[Opening RECORDS PROVIDED section]

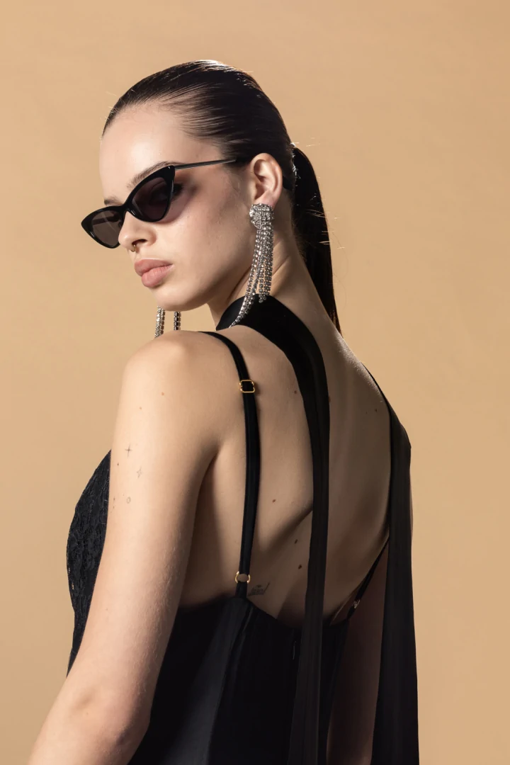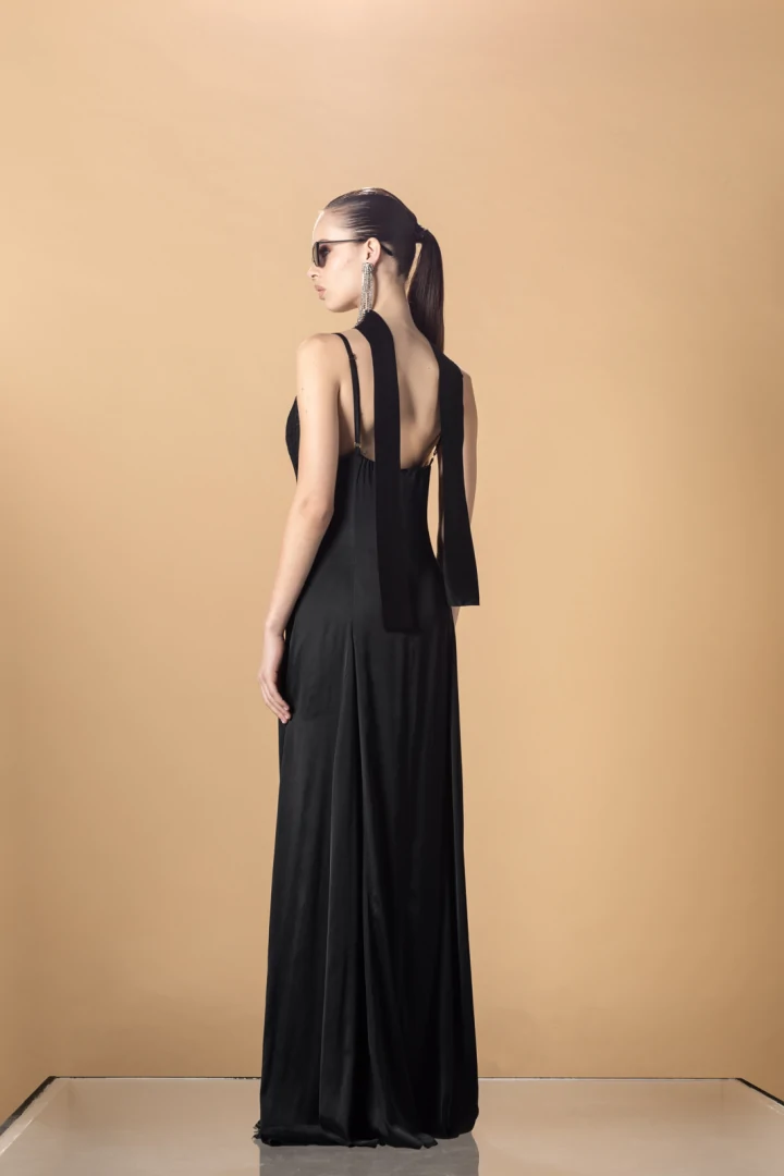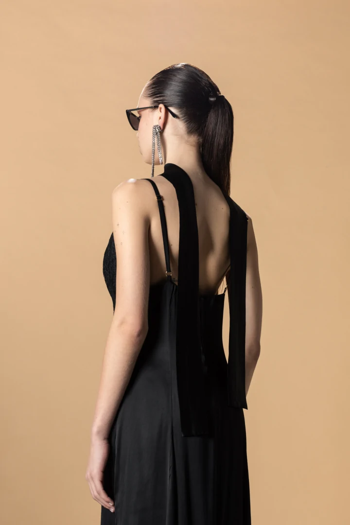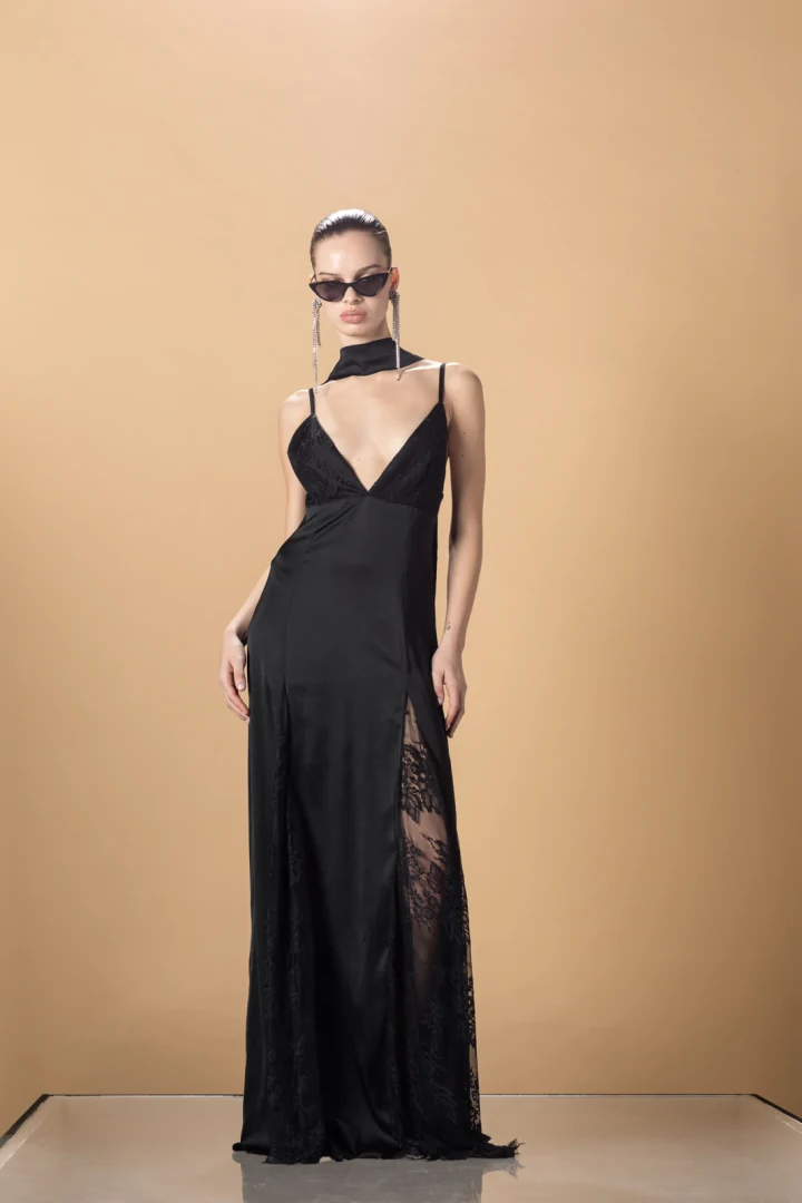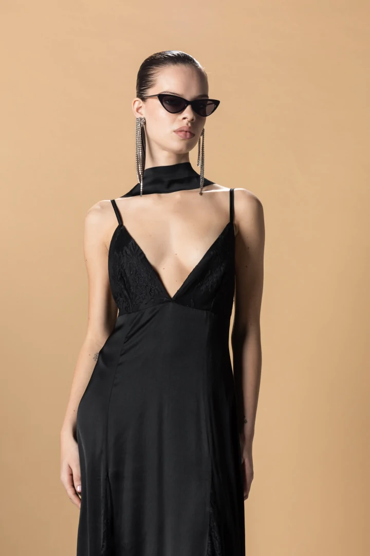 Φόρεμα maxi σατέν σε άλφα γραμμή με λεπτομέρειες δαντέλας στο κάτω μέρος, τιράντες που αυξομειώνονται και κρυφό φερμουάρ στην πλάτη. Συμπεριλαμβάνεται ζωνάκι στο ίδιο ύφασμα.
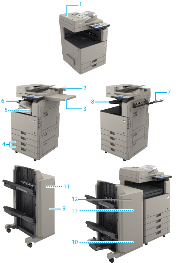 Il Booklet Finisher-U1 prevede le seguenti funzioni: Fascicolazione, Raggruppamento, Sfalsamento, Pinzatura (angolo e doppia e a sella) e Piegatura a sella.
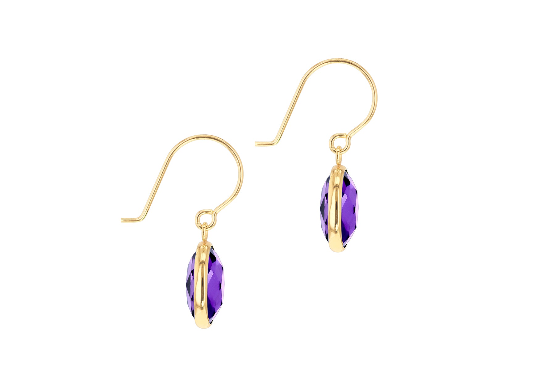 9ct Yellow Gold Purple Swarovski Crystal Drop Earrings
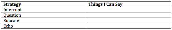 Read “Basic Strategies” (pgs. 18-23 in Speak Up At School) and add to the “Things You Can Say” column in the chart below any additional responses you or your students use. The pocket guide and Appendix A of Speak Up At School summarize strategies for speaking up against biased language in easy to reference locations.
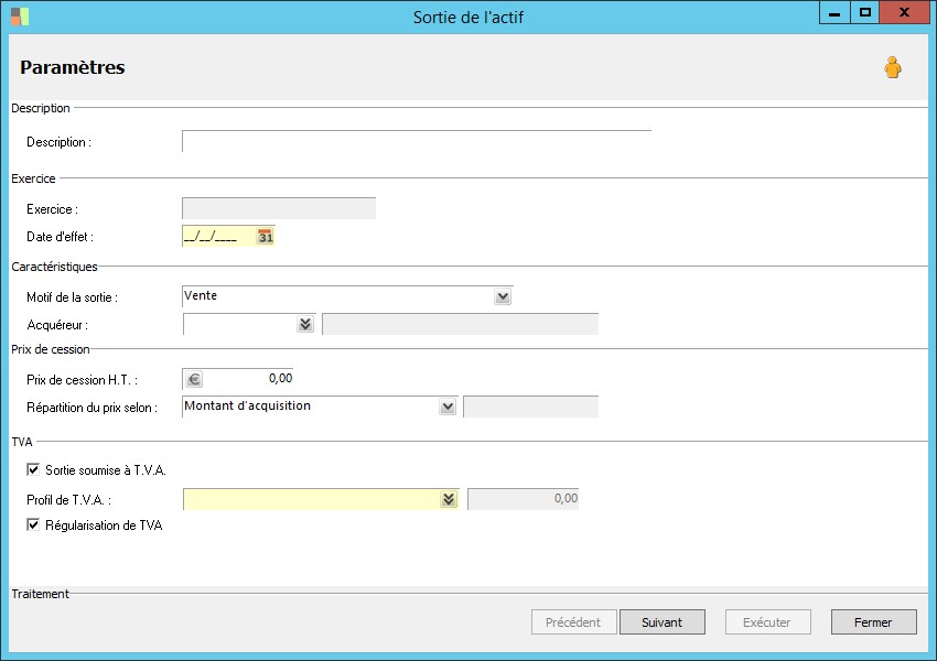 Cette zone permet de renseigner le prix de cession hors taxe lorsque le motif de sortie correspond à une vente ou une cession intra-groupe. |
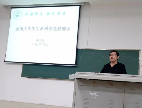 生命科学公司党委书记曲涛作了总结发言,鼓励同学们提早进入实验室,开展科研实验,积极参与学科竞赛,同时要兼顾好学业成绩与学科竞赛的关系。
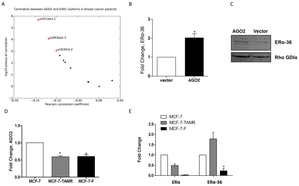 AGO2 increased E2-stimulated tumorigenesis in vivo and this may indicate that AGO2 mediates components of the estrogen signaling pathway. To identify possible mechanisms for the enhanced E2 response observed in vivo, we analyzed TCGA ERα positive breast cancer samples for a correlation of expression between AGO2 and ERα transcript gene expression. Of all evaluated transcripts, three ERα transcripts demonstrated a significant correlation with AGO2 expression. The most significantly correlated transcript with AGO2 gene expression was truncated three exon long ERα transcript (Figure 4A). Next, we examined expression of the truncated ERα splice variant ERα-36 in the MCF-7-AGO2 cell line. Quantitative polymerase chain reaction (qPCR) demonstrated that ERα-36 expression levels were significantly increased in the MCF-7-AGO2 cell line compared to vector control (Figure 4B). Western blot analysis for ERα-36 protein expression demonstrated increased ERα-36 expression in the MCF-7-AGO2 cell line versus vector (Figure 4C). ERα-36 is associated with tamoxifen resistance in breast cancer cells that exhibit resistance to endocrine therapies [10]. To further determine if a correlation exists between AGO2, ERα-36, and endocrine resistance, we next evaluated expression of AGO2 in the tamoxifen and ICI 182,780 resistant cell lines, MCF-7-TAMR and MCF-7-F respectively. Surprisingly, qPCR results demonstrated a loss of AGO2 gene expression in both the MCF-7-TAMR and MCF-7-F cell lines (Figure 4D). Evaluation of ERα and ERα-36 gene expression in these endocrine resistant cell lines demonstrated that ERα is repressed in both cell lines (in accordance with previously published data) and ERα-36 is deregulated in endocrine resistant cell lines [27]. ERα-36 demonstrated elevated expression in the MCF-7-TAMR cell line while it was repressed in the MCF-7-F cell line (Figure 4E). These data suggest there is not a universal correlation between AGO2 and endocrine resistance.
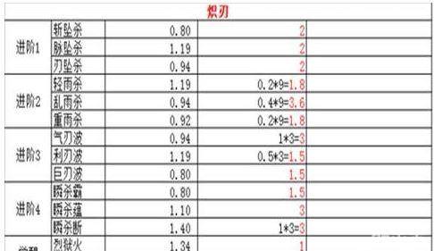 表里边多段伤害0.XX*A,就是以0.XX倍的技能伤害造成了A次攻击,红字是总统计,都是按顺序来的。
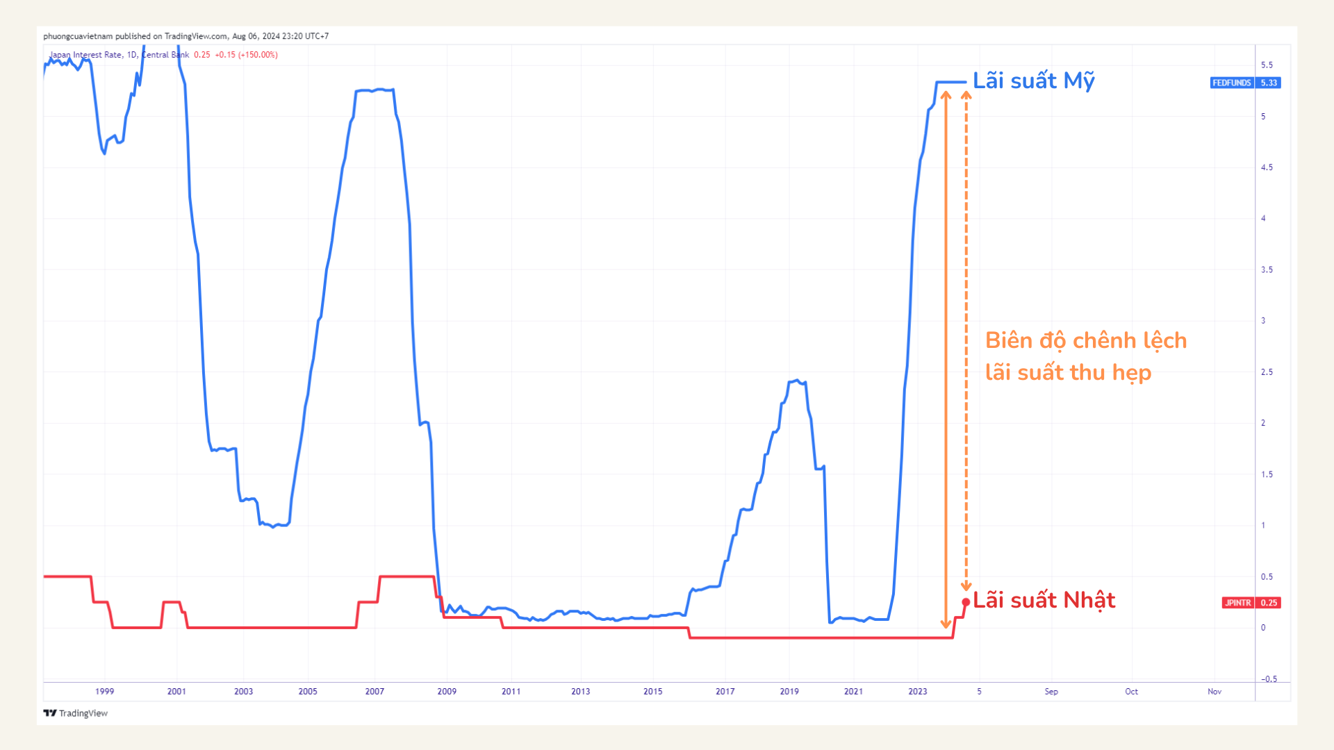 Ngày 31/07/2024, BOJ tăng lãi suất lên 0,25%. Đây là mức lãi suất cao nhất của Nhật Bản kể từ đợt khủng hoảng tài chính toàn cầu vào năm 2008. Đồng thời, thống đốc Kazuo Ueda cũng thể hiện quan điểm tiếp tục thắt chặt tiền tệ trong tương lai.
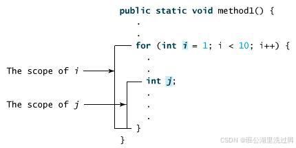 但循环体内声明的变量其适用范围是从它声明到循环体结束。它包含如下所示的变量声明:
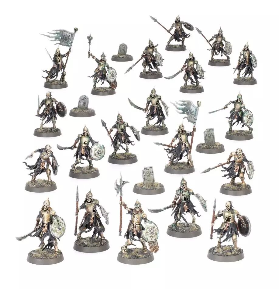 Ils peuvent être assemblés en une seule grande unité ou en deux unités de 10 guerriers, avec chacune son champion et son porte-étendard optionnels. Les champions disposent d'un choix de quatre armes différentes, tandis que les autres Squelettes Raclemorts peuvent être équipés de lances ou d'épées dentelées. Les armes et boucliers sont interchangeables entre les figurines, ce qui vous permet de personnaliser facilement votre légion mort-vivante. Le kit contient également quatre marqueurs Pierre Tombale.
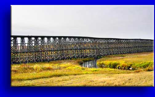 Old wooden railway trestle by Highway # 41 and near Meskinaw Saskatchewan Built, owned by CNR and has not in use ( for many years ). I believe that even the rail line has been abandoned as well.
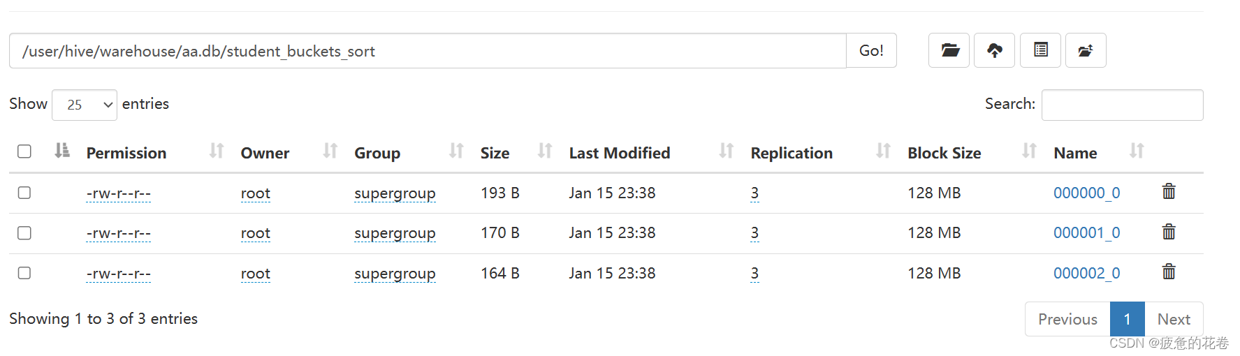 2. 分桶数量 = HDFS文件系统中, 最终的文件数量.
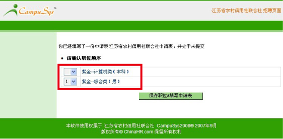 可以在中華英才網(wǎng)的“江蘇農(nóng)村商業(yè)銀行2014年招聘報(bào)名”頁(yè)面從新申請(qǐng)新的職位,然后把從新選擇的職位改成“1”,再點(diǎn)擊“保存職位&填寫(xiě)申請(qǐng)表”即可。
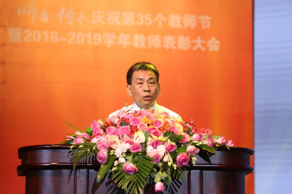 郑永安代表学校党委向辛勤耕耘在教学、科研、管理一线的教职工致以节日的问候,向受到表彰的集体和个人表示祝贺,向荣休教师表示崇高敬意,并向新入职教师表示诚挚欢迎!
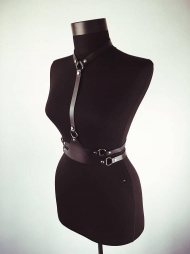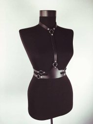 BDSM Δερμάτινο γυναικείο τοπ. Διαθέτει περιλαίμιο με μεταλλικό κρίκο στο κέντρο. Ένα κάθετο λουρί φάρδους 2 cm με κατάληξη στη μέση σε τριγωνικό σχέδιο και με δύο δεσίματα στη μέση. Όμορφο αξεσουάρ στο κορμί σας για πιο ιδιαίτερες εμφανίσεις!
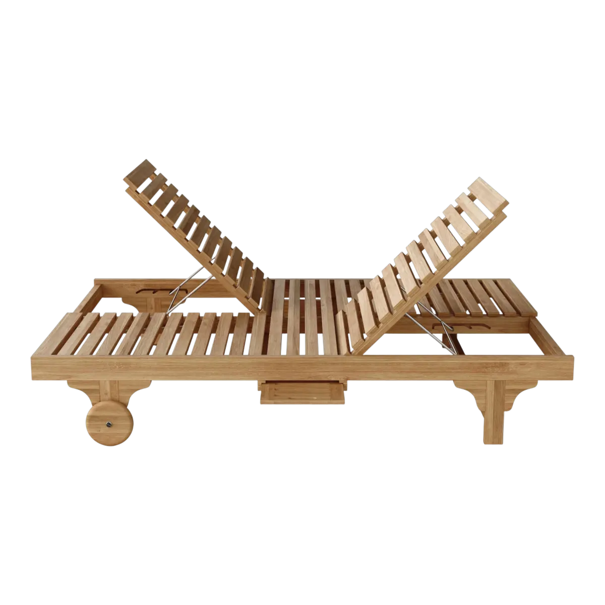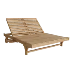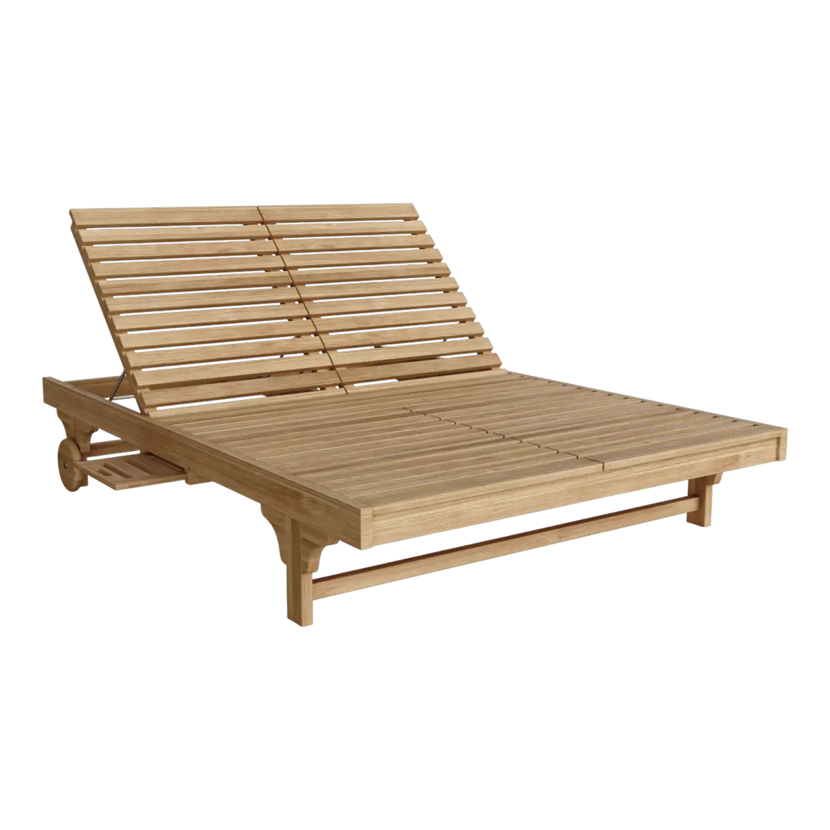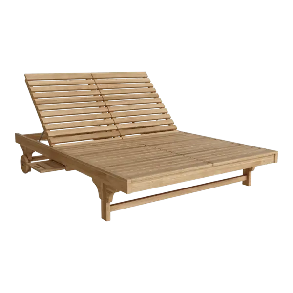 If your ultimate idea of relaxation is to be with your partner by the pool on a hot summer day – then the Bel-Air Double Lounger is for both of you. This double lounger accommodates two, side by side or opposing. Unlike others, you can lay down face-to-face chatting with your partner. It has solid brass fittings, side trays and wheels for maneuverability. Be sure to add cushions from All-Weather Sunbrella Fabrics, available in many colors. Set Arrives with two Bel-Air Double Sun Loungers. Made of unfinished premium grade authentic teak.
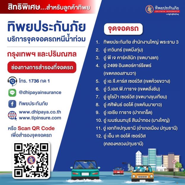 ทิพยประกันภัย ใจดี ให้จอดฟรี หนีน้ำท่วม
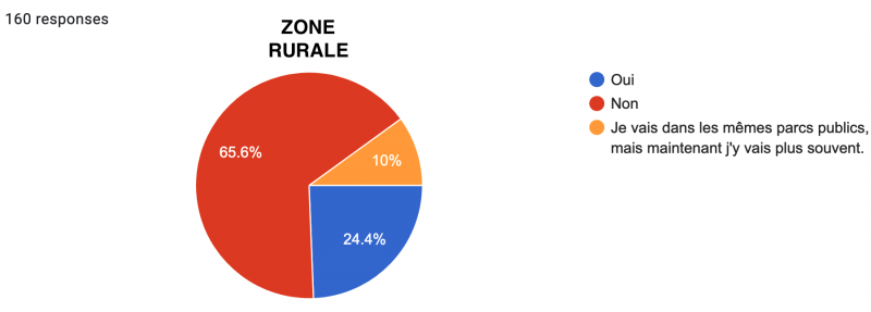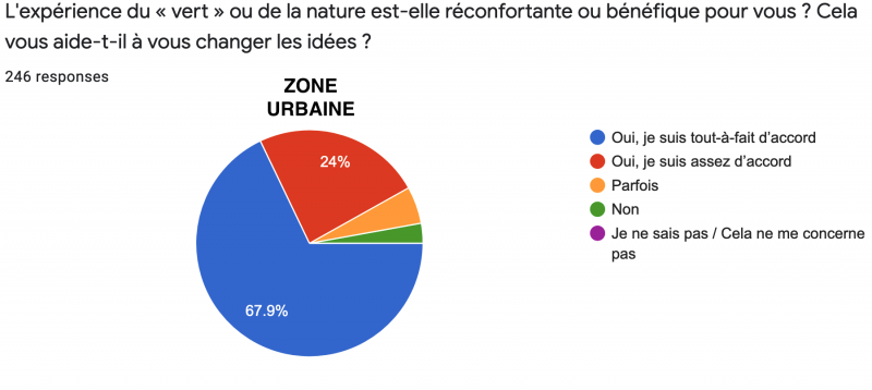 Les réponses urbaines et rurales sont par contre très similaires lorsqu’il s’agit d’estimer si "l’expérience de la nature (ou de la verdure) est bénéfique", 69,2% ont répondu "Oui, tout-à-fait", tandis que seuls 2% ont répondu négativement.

[Closing RECORDS PROVIDED section]

_WHAT TO PRODUCE_
Put down exactly the lines of the data above that run from its first line through the line bearing "Il Booklet Finisher-U1", and no pictures.

_ANSWER FOR THIS EXERCISE_
 Φόρεμα maxi σατέν σε άλφα γραμμή με λεπτομέρειες δαντέλας στο κάτω μέρος, τιράντες που αυξομειώνονται και κρυφό φερμουάρ στην πλάτη. Συμπεριλαμβάνεται ζωνάκι στο ίδιο ύφασμα.
 Il Booklet Finisher-U1 prevede le seguenti funzioni: Fascicolazione, Raggruppamento, Sfalsamento, Pinzatura (angolo e doppia e a sella) e Piegatura a sella.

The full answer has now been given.